**TASK REQUIREMENTS**
Every line from the one holding "learning environment concept" through the one holding "-. Feature : SAFE" in the data below must be returned exactly, both ends included, with pictures left out and nothing else added.

**DATASET ENTRIES**
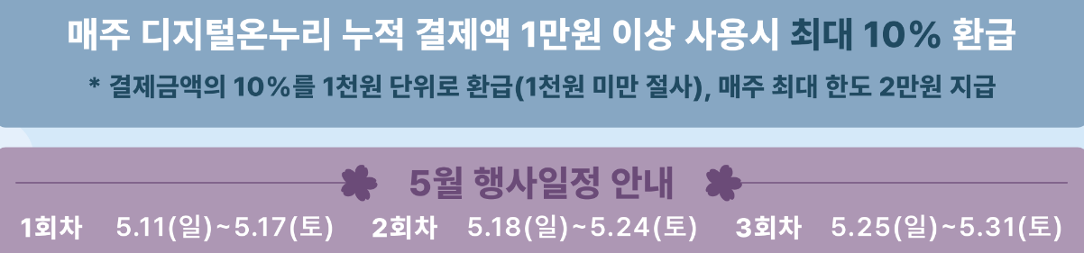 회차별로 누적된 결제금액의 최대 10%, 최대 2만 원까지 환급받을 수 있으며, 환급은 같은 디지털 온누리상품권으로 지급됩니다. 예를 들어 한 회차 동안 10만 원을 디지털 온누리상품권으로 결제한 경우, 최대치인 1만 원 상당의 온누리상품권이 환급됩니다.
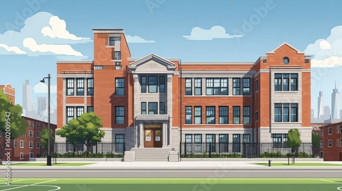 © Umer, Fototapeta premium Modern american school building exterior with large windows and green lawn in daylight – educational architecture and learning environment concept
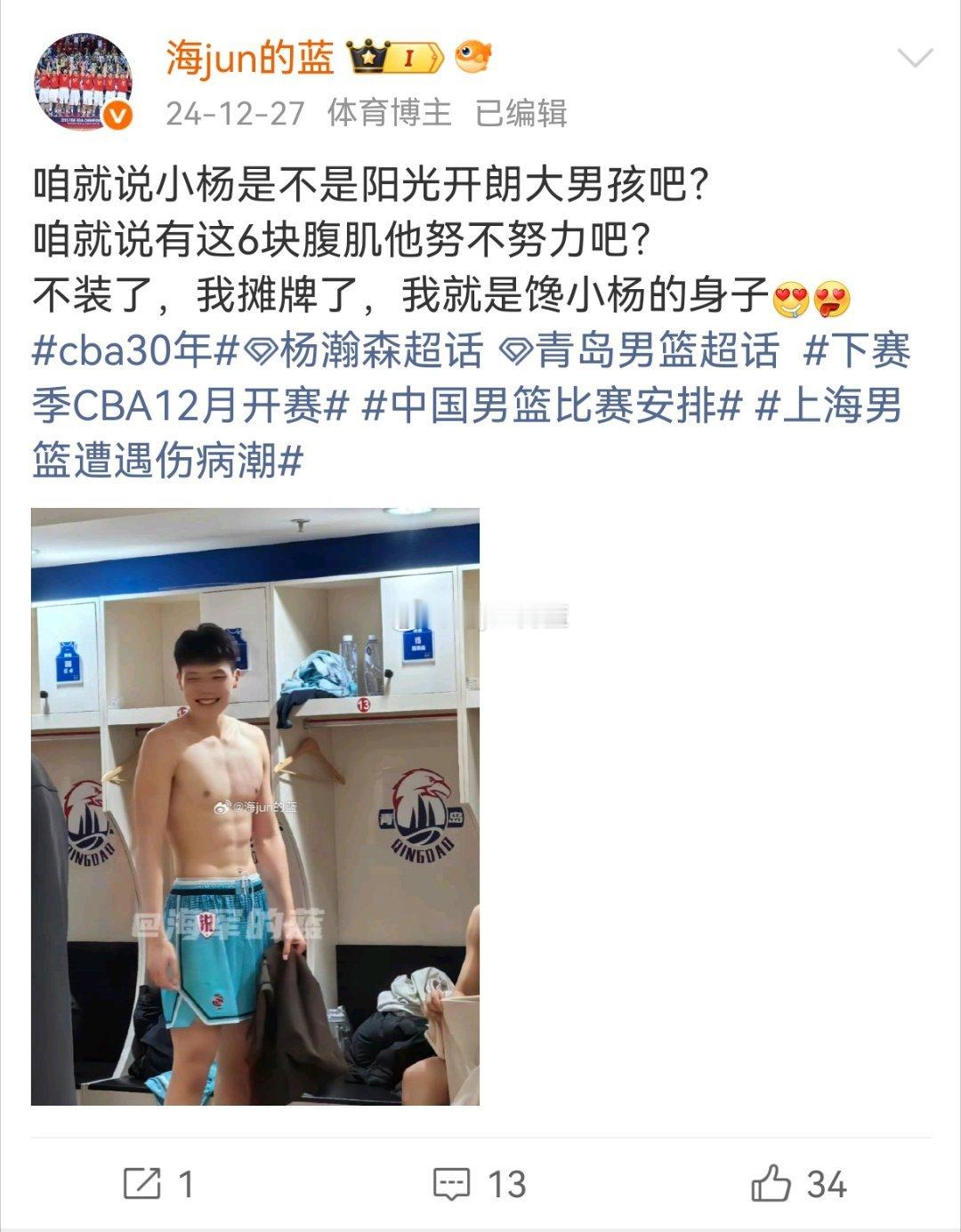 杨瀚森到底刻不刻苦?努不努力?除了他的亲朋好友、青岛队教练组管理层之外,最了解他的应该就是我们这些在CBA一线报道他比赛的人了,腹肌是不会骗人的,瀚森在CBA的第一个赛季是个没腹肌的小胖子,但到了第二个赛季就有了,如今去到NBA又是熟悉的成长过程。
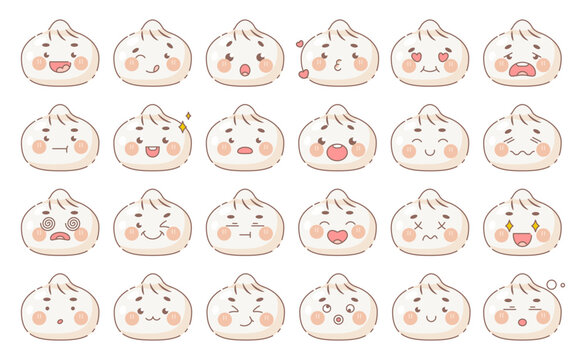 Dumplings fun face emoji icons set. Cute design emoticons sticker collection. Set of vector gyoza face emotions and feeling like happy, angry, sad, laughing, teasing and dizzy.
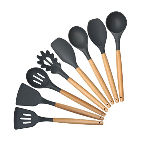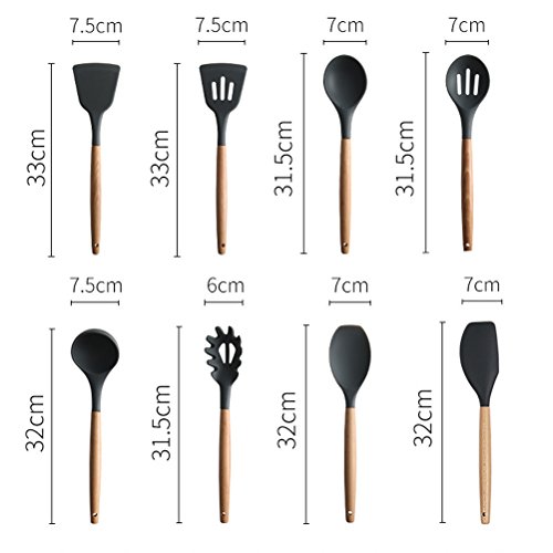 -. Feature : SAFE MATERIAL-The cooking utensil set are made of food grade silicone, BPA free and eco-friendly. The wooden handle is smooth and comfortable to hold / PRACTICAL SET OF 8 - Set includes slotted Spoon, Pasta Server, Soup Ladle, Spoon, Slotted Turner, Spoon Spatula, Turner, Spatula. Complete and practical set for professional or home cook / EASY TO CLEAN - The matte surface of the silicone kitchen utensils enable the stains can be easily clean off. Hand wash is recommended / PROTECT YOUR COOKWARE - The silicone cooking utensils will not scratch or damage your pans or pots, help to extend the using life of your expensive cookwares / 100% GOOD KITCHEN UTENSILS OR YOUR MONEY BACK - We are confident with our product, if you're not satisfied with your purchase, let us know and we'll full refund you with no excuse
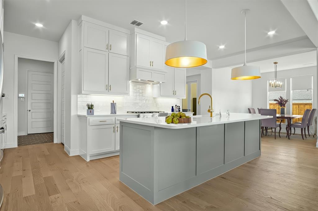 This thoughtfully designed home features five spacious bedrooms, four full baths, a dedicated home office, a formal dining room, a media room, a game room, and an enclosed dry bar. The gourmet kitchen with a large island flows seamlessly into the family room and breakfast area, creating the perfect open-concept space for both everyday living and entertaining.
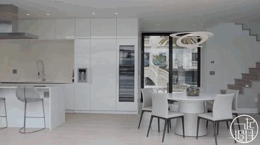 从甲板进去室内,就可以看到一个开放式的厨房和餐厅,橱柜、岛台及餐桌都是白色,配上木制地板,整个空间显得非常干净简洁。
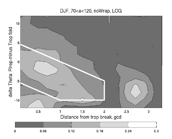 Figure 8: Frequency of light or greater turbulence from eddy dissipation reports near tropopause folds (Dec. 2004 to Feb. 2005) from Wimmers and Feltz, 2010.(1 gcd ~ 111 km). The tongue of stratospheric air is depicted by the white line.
---
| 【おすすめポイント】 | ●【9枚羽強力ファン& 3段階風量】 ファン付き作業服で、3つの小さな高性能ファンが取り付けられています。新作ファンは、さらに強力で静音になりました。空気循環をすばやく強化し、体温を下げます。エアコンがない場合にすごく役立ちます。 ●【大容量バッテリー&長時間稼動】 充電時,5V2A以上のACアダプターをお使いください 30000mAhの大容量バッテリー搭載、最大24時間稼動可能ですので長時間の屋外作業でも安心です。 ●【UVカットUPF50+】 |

**ANSWER TO THIS TASK**
 © Umer, Fototapeta premium Modern american school building exterior with large windows and green lawn in daylight – educational architecture and learning environment concept
 杨瀚森到底刻不刻苦?努不努力?除了他的亲朋好友、青岛队教练组管理层之外,最了解他的应该就是我们这些在CBA一线报道他比赛的人了,腹肌是不会骗人的,瀚森在CBA的第一个赛季是个没腹肌的小胖子,但到了第二个赛季就有了,如今去到NBA又是熟悉的成长过程。
 Dumplings fun face emoji icons set. Cute design emoticons sticker collection. Set of vector gyoza face emotions and feeling like happy, angry, sad, laughing, teasing and dizzy.
 -. Feature : SAFE MATERIAL-The cooking utensil set are made of food grade silicone, BPA free and eco-friendly. The wooden handle is smooth and comfortable to hold / PRACTICAL SET OF 8 - Set includes slotted Spoon, Pasta Server, Soup Ladle, Spoon, Slotted Turner, Spoon Spatula, Turner, Spatula. Complete and practical set for professional or home cook / EASY TO CLEAN - The matte surface of the silicone kitchen utensils enable the stains can be easily clean off. Hand wash is recommended / PROTECT YOUR COOKWARE - The silicone cooking utensils will not scratch or damage your pans or pots, help to extend the using life of your expensive cookwares / 100% GOOD KITCHEN UTENSILS OR YOUR MONEY BACK - We are confident with our product, if you're not satisfied with your purchase, let us know and we'll full refund you with no excuse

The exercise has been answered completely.